Dawn Foster is a British journalist, broadcaster and author. She is a columnist for The Guardian newspaper, writing two columns on housing, and on inequality and austerity. Foster is also a contributor to the London Review of Books, Times Literary Supplement and The Independent newspaper in Britain, and The Nation and Dissent magazine in the United States.
Foster was born in Belfast, Northern Ireland in 1987 and grew up in Newport, South Wales. She studied English Literature at Warwick University. In articles for Child Poverty Action Group and The Guardian she wrote that she grew up in poverty in an unemployed single parent family, and was placed in the care system as a teenager.
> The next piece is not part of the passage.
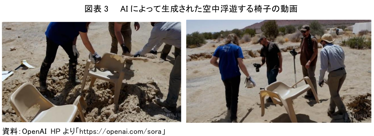 次に、現実世界では想定できない映像を含む動画の一例として、空中に浮遊する椅子の動画を挙げる。AIに「考古学者が砂漠で一般的なプラスチックの椅子を発見」と指示したところ、13秒の動画が生成された。指示に沿ったリアルな動画が再現されているかに見えるが、途中からリアル動画生成AIは椅子の重さを動画上で再現することに失敗し、現実世界ではあり得ない椅子が数秒間空中に浮遊する様子が映し出された(図表3)。

She suffers from epilepsy and neurofibromatosis type II and has written about her disabilities.
Foster's first book, Lean Out, was published in January 2016 by Repeater Books. Her second book, Where Will We Live?, a commentary on the UK housing crisis, will be published by Repeater in 2018. Her biography in the London Review of Books says she is currently completing another book, a cultural history of the dole.
Foster was awarded the International Building Press Prize for Young Journalist of the Year in 2014, and was named Non-traditional Journalist of the Year at the inaugural Words by Women Awards, longlisted for the Orwell Prize for Exposing Britain's Social Evils in 2017, and shortlisted for the Bread and Roses Award 2017.
In September 2017, Foster was listed at Number 82 in 'The 100 Most Influential People on the Left' by political commentator Iain Dale.